Staging Table Requirements:

Must populate all REQUIRED fields
Optional fields can be NULL (source_system, member_id_raw, payee_agent_id_raw, credit_raw, debit_raw, total_raw, period_code_raw, pay_periods_raw)
Arrays (error_codes, warnings) can be empty [] but not NULL (REPEATED mode)

2. Load Job Feasibility

2.1 trigger_load_job Support Analysis

Current Implementation (api/services/onboarding_bigquery.py:18-74):

Format: bigquery.SourceFormat.CSV only
Schema: autodetect=True (no explicit schema)
Write Disposition: WRITE_TRUNCATE only

Required for ELT:

✅ NDJSON Support: bigquery.SourceFormat.NEWLINE_DELIMITED_JSON (supported by BigQuery)
✅ Explicit Schema: schema=[...] parameter (supported, must provide)
✅ WRITE_APPEND: bigquery.WriteDisposition.WRITE_APPEND (supported)

Conclusion: trigger_load_job() needs modification to support NDJSON + explicit schema + WRITE_APPEND. Can create new function trigger_ndjson_load_job() or extend existing.

2.2 Sync /map Timing Estimate (Dec File: 2,841 rows)

Current Bottleneck: Row-by-row MERGE (2,841 queries) → >300s timeout ELT Path Timing Estimate:

Parse + process_row(): ~5-10s (in-memory, Python)
Write NDJSON to GCS: ~2-5s (821 KB file)
Trigger Load Job: ~1s (async job creation, returns immediately)
Poll Load Job: ~10-30s (BigQuery load job for 2,841 rows NDJSON)
MERGE Staging → Target: ~5-10s (single MERGE statement)
Verify Counts: ~2-3s (2 COUNT queries)
Finalize Status: ~1s (UPDATE batch status)

Total Estimate: ~26-60s (well under 300s limit) Confidence: ✅ HIGH - Load job for 2,841 rows NDJSON typically completes in 10-30s.

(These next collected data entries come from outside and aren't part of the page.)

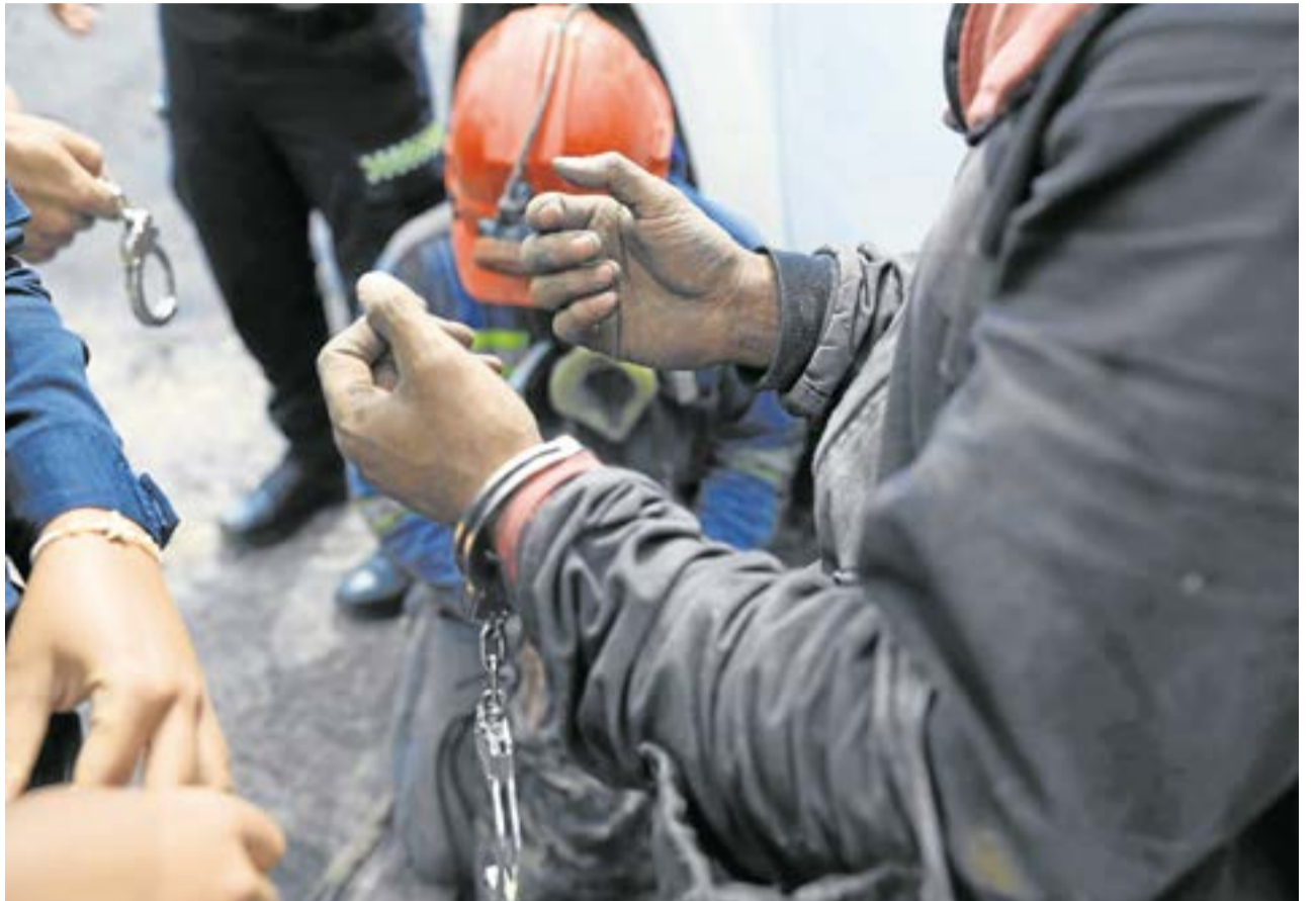
Surgieron reacciones de inconformidad entre algunos sectores vinculados a la minería, quienes cuestionaron que las capturas recaigan sobre los trabajadores. CAR Cundinamarca.

Las autoridades documentaron daños a la flora de la zona por la destrucción de cobertura vegetal, donde anteriormente habría especies como tuno esmeraldo, uva camarona, chilca, hayuelo, cucharo, fraile-jones y angelitos, entre otras.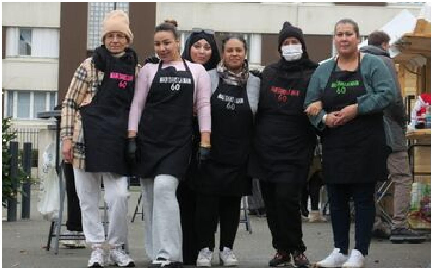
« On nous a collé une étiquette » : à Compiègne, les mamans veulent redorer l'image du Clos-des-Roses P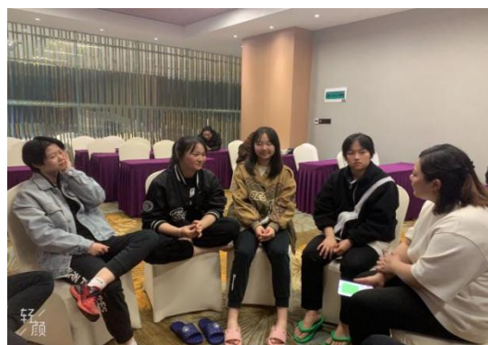
图 2-3 心理老师进行心理辅导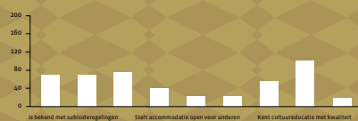
Klik hier voor de resultaten van de enquête en interviews.

Grote instellingen die de cultuur van Altena uitdragen en in stand houden zijn het Streekarchief, Erfgoed Altena, de Bibliotheek Cultuurpunt Altena, het Biesbosch Museum Eiland en de VVV Biesbosch Linie. Ze zijn door de leden van de cultuurraden geïnterviewd over het bestaande beleid, wensen en ontwikkelingen. Het behoud en uitdragen van ons erfgoed, stimuleren en faciliteren van cultuureducatie, delen van kennis en expertise en gezamenlijke communicatie en promotie zijn de gemeenschappelijke behoeften.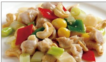
鶏肉とカシューナッツの炒め Sauteed Chicken and Cashew nut 腰果鶏丁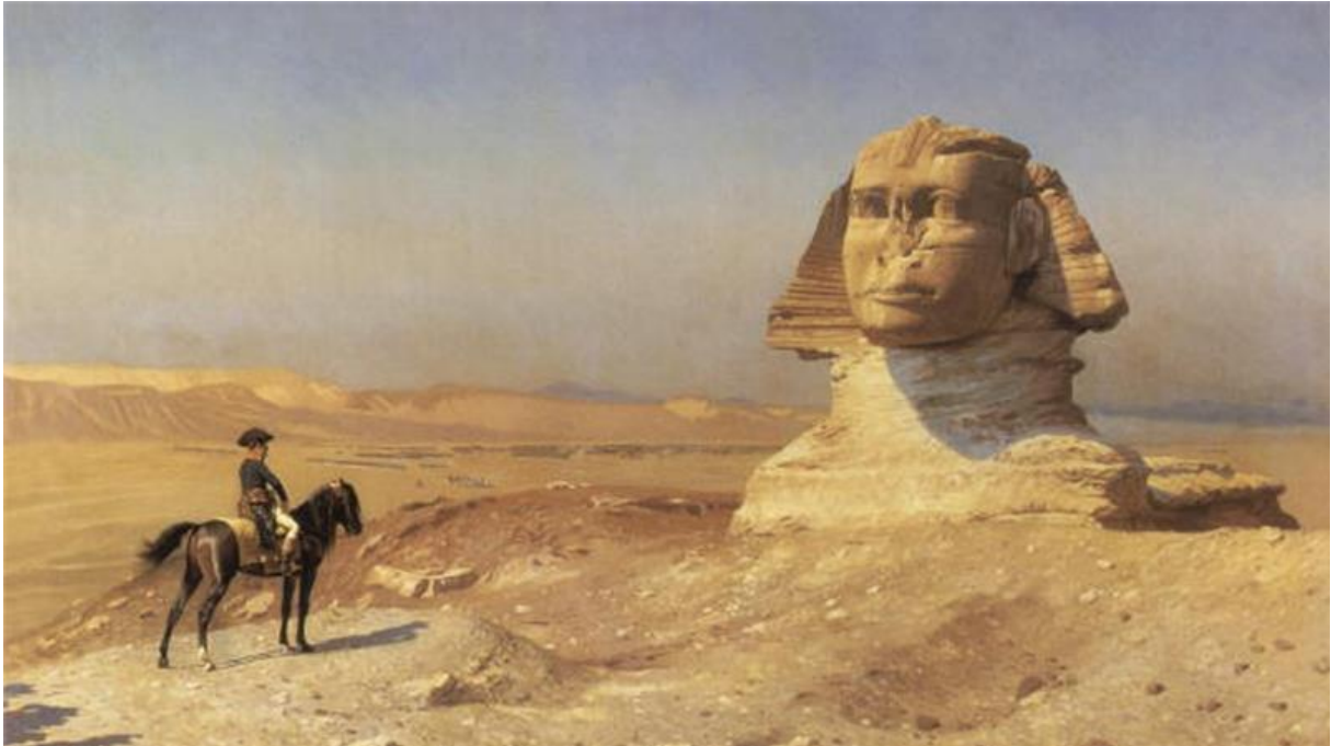
Figuur 1 Jean Leon Gerome - Napoleon Bonaparte bij Sphinx tijdens de Egyptische expeditie in 1798. Gepubliceerd in 1868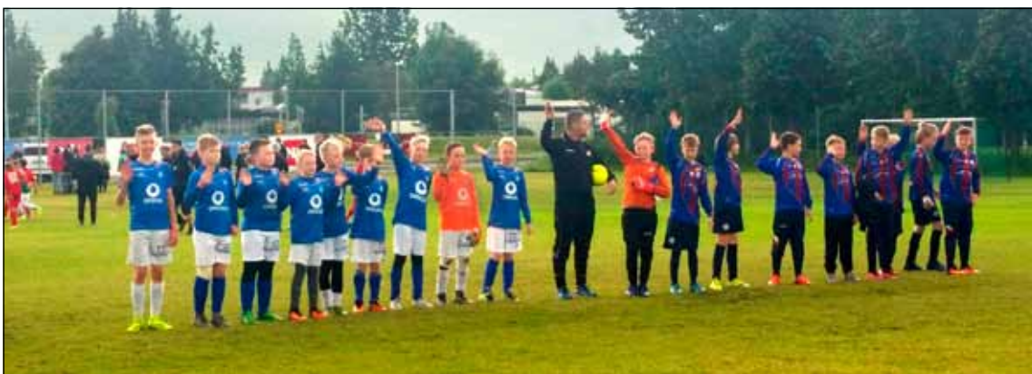
Á N1 mótinu hefst hver leikur með kveðju.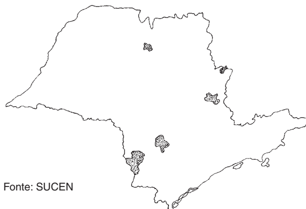
Figura 3 - Presença de Triatoma infestans (reintrodução da espécie) no Estado de São Paulo, 1985 a 1994.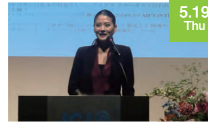
5.19 Thu 第5回例会

4月17日(日)11時~13時まで、藤崎本館アーケード内で、熊本地震支援金の募金活動を行ない、431,450円をお預かりしました。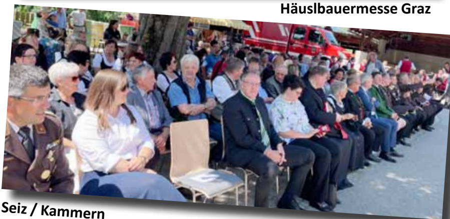
Seiz / Kammern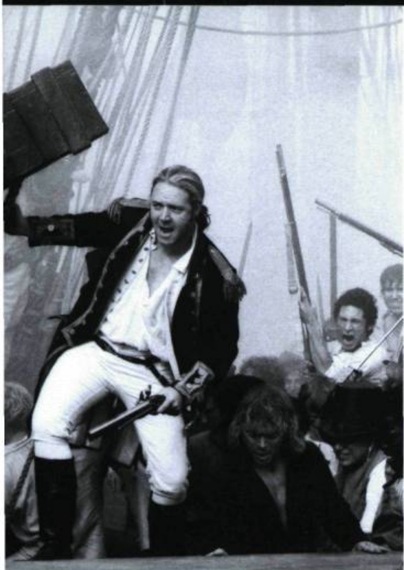
Master and Commander : The Far Side of the World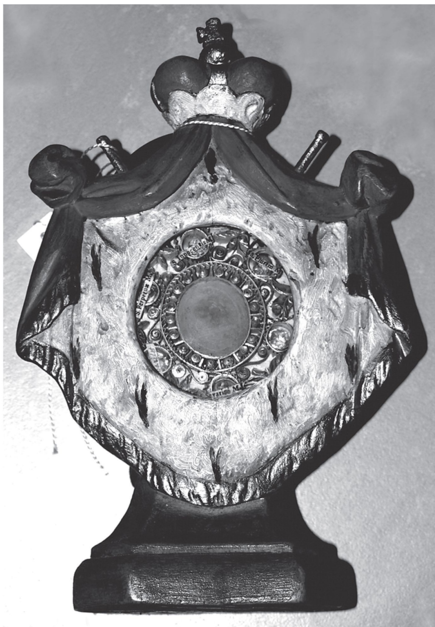
7. Pacyfikał z Agnuskim i relikwiami – tzw. „Relikwiarz Sanguszków”, 1732 r., Muzeum Prowincji OO. Kapucynów w Zakroczymiu.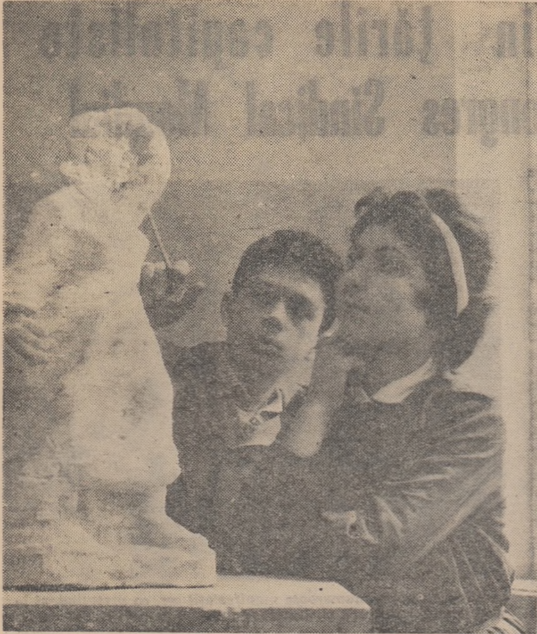
Vitiorii artiști, elevii Școlii medii de arte plastice din Capitală discută cu mult simț critic propriile lor lucrări.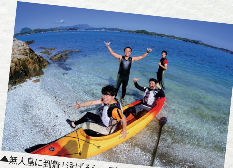
▲無人島に到着！泳げるシーズンはそのまま海水浴もOK

☎090-8356-3577 函上天草市松島町合津6215-17mio camino AMAKUSA 開催時間 シーカヤック9時、13時、SUP10時、14時 雨天時 天草シーカヤックツアー、SUPツアー共に1人8000円※前日までに要予約 函九州道松橋ICより50分 ②270台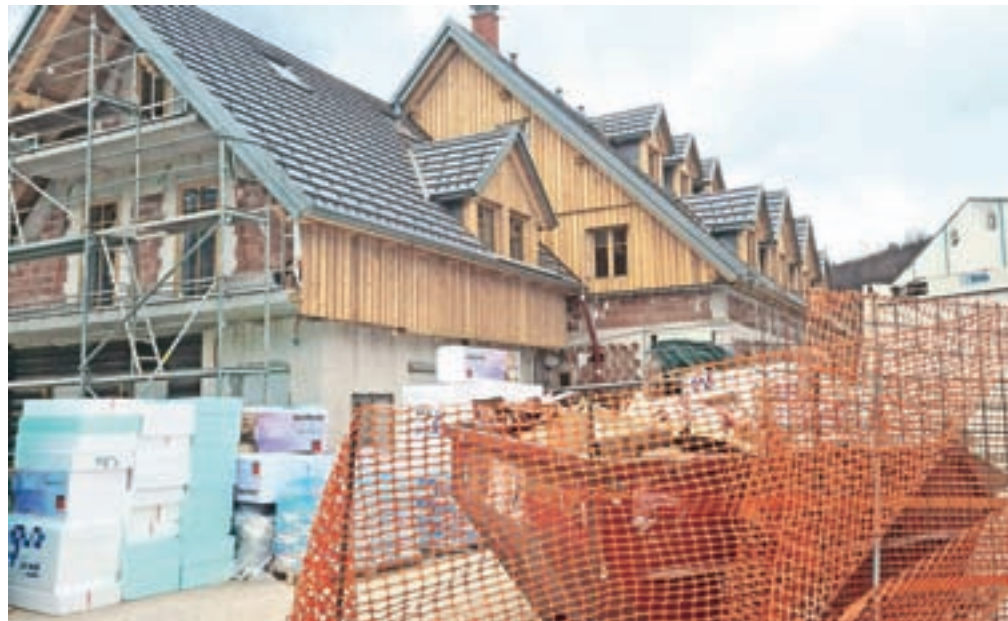
Prenovljeno Gostišče Danica bo predvidoma odprto v začetku poletja.

Ob vstopu v restavracijsko Gostišča Danica bo goste preplaval prijeten občutek domačnosti, ki ga bodo

Sync path is feasible.

2.3 Async Fallback Threshold

Recommendation: >10,000 rows → Return 202 + poll status endpoint Rationale:

10k rows NDJSON ≈ ~3MB file
Load job timing: ~30-60s (still under 300s, but approaching limit)
Provides safety margin for network latency, BigQuery queue delays
Allows graceful degradation for very large files

Implementation:

Check len(processed_rows) > ASYNC_THRESHOLD (default 10,000)
If async: Return 202 with load_job_id, status="PROCESSING"
Frontend polls /api/v1/intake/{batch_id}/status until status="MAPPED"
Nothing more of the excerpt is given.